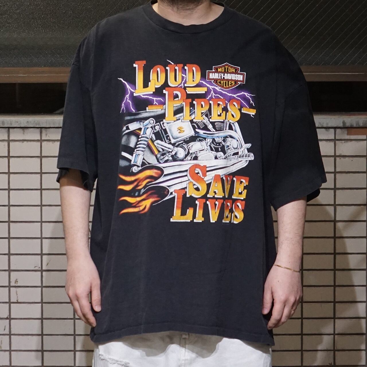 90's Vintage Harley Shirts Loud Pipes-Save Lives S/S 【XXXL】
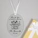 Made of glass, this oval shaped memorial ornament reads "Thank you for capturing our special day," and is personalized with the family's last name and wedding date.
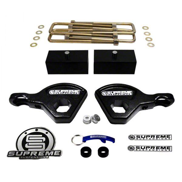 Supreme Pro lift kits are engineered to accurately lift and level your truck for a truly customized ride. Each front and rear lift component is CNC machined for precision and accuracy. Each then receives our special coating, protecting against rust and corrosion. With its high strength and durability, this lift will never compress or warp even under the most extensive load.
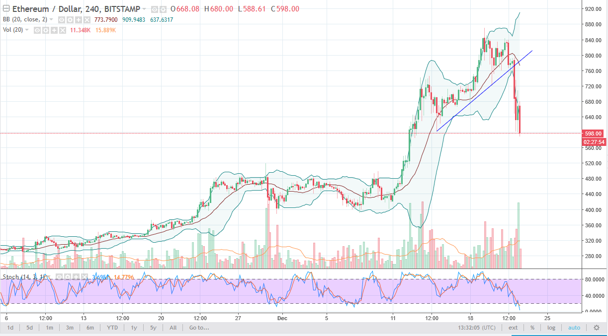 Ethereum has collapsed during the trading session on Friday, losing 25% as I record this video. The market has tested the $600 level, and if we break down below there, it’s very easy for this market to drop down to the $500 level, probably within a few hours. The markets need to find some type of support at that area, or things could get very ugly. This type of precipitous breakdown is not one you want to be buying. Stability is needed before anybody goes long of Ethereum at this point.
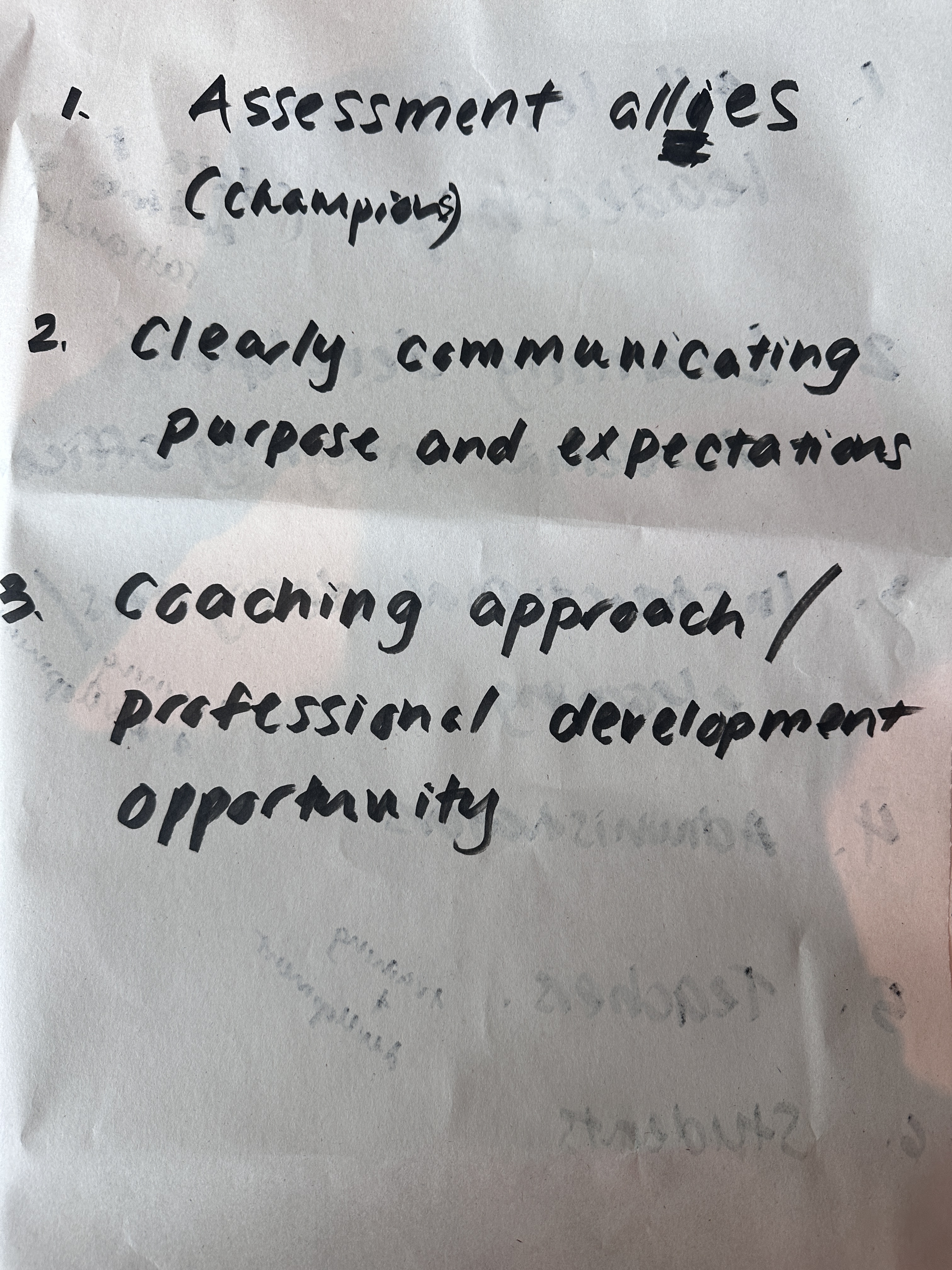 Next, we examined how we would implement change towards the principles we had committed to. We asked what levers and approaches might be used as institutional drivers. Here’s what a room of awesome assessment experts said:

* Task directions:
With the pictures left out, copy exactly the lines from the line holding "Ethereum has collapsed" through the final line of the records, including both.

* Exercise solution:
 Ethereum has collapsed during the trading session on Friday, losing 25% as I record this video. The market has tested the $600 level, and if we break down below there, it’s very easy for this market to drop down to the $500 level, probably within a few hours. The markets need to find some type of support at that area, or things could get very ugly. This type of precipitous breakdown is not one you want to be buying. Stability is needed before anybody goes long of Ethereum at this point.
 Next, we examined how we would implement change towards the principles we had committed to. We asked what levers and approaches might be used as institutional drivers. Here’s what a room of awesome assessment experts said:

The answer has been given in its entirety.